Encouraged by our data, Dr. Strair asked very important questions that we still had to address. For example, does leukotoxin target cancer cells better than normal cells? One drawback to many current chemotherapeutic agents is the lack of specificity for the cancerous cells. We proceeded by testing leukotoxin against normal human white blood cells and leukemia cells, and noted a significant difference. The normal white blood cells were relatively unaffected by leukotoxin while leukemic white blood cells were very effectively killed. We discovered that the reason for this difference is due to the levels and type of receptor that leukotoxin uses to recognize cells.

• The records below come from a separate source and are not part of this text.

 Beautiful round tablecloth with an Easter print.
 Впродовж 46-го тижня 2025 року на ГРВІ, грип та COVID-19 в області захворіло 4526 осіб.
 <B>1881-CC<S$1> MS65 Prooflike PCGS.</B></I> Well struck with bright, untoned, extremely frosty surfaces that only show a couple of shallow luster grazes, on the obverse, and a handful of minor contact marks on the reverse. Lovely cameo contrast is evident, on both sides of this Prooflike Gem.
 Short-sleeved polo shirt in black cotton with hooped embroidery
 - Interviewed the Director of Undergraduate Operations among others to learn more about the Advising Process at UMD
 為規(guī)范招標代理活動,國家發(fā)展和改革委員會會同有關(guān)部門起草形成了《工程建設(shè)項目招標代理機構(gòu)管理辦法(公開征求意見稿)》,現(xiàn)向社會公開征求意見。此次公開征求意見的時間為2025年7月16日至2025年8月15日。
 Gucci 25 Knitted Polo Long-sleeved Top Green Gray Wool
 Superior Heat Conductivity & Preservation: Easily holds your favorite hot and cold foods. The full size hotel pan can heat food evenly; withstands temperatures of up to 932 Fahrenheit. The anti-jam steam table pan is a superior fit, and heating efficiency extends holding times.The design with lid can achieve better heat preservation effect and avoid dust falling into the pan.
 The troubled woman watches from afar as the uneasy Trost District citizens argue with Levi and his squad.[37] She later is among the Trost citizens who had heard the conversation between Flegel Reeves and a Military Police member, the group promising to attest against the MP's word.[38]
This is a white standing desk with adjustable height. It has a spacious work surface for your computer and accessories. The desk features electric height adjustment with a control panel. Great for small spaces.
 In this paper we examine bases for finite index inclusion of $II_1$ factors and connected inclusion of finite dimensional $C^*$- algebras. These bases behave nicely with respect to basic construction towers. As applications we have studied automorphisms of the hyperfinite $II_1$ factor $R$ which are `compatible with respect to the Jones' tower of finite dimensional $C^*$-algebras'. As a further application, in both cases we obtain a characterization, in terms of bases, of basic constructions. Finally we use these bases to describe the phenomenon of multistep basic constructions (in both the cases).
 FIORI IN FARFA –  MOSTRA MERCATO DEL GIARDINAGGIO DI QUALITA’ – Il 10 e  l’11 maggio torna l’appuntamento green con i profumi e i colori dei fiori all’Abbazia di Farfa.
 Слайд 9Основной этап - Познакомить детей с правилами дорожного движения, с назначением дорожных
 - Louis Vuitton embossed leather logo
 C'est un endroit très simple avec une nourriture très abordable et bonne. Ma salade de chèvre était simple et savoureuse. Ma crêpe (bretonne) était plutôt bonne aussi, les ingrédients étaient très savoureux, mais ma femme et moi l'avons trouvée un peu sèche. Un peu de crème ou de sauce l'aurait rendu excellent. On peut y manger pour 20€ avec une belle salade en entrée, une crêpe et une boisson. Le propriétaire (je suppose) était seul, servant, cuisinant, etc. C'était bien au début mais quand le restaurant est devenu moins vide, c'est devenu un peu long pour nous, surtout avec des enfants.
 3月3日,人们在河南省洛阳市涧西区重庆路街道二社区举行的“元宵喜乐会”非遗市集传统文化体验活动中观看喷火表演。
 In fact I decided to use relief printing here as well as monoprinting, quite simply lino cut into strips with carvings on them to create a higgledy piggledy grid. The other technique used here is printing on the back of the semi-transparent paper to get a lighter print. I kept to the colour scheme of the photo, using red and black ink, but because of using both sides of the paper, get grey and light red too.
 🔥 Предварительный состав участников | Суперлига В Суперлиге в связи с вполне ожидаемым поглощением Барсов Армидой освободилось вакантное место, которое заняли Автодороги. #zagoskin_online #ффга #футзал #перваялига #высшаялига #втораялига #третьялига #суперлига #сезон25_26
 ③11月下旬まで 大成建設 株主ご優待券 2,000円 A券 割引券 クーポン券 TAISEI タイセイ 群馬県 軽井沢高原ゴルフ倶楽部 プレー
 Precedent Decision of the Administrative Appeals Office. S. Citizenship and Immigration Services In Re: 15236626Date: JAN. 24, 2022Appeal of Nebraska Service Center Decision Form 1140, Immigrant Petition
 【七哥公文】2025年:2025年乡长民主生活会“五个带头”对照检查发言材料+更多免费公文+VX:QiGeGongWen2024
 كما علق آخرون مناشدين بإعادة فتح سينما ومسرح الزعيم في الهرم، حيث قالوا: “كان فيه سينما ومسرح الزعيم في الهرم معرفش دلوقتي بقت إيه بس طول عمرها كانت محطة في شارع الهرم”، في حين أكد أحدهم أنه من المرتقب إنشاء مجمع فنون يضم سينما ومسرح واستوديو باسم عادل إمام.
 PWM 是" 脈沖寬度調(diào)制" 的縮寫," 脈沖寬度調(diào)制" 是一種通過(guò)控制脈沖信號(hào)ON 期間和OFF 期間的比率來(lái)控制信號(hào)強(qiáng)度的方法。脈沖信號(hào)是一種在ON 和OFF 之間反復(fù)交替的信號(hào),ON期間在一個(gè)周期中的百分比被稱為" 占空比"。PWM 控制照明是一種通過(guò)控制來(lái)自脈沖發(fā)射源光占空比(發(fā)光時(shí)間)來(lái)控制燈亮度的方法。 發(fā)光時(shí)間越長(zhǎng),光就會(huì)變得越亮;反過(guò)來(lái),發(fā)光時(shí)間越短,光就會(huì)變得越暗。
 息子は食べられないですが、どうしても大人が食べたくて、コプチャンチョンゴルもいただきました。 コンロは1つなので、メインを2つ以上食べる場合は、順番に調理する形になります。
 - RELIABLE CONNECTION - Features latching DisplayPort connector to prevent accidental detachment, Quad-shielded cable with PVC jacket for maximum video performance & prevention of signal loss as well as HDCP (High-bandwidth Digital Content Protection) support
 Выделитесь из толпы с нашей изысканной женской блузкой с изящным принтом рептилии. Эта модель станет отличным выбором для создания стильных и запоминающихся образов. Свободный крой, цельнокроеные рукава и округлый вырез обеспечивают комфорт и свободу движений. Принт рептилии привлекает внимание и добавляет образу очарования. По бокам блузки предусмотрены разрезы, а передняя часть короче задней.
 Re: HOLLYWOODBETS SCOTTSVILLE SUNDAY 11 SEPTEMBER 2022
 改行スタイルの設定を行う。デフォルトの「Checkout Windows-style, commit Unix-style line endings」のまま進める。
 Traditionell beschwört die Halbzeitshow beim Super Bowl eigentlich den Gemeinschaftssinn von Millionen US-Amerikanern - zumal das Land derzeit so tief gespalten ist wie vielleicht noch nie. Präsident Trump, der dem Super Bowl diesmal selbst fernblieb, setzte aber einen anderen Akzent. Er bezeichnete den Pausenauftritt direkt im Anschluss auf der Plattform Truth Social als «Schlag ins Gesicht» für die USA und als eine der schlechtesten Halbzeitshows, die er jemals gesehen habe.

Given these very exciting results, I was encouraged to start a biopharmaceutical company to further develop leukotoxin as a therapeutic agent. With an initial investment commitment of $500,000 from the Foundation Venture Capital Group, I founded Actinobac Biomed, Inc. in January of 2009. Actinobac Biomed has licensed the patents for the clinical use of leukotoxin from UMDNJ. To date, I act as an advisor to the company and chair the Scientific Advisory Board. The goal of the company is to bring leukotoxin and derived agents into clinical trials for testing. The types of studies required by the FDA for approval of a drug are often quite different from the experiments we carry out in an academic laboratory. Learning about the drug approval process and necessary studies has been a very satisfying challenge for me. It is not often that a basic scientist in academia has the chance to see his work in a truly translational setting and I feel very fortunate to have been given this opportunity. I look forward to the day when a patient may actually be treated with that obscure protein band that was not supposed to be there.
Scott Kachlany received his BS degree in microbiology from Cornell University in 1997 and PhD in 2001 from the Department of Microbiology at Columbia University. In 2003, he joined the faculty of UMDNJ-New Jersey Dental School as an assistant professor in the Department of Oral Biology and jointly in the Department of Microbiology and Molecular Genetics at UMDNJ-New Medical School. In 2008, he was promoted to associate professor.
Roger Strair received his BS in biology from SUNY Stonybrook and his MD and PhD degrees from Albert Einstein College of Medicine. He completed a residency and fellowship at Harvard Medical School — Brigham Women’s Hospital. Dr. Strair is director of hematologic malignancies at The Cancer Institute of New Jersey and
professor of medicine at UMDNJ-Robert Wood Johnson Medical School.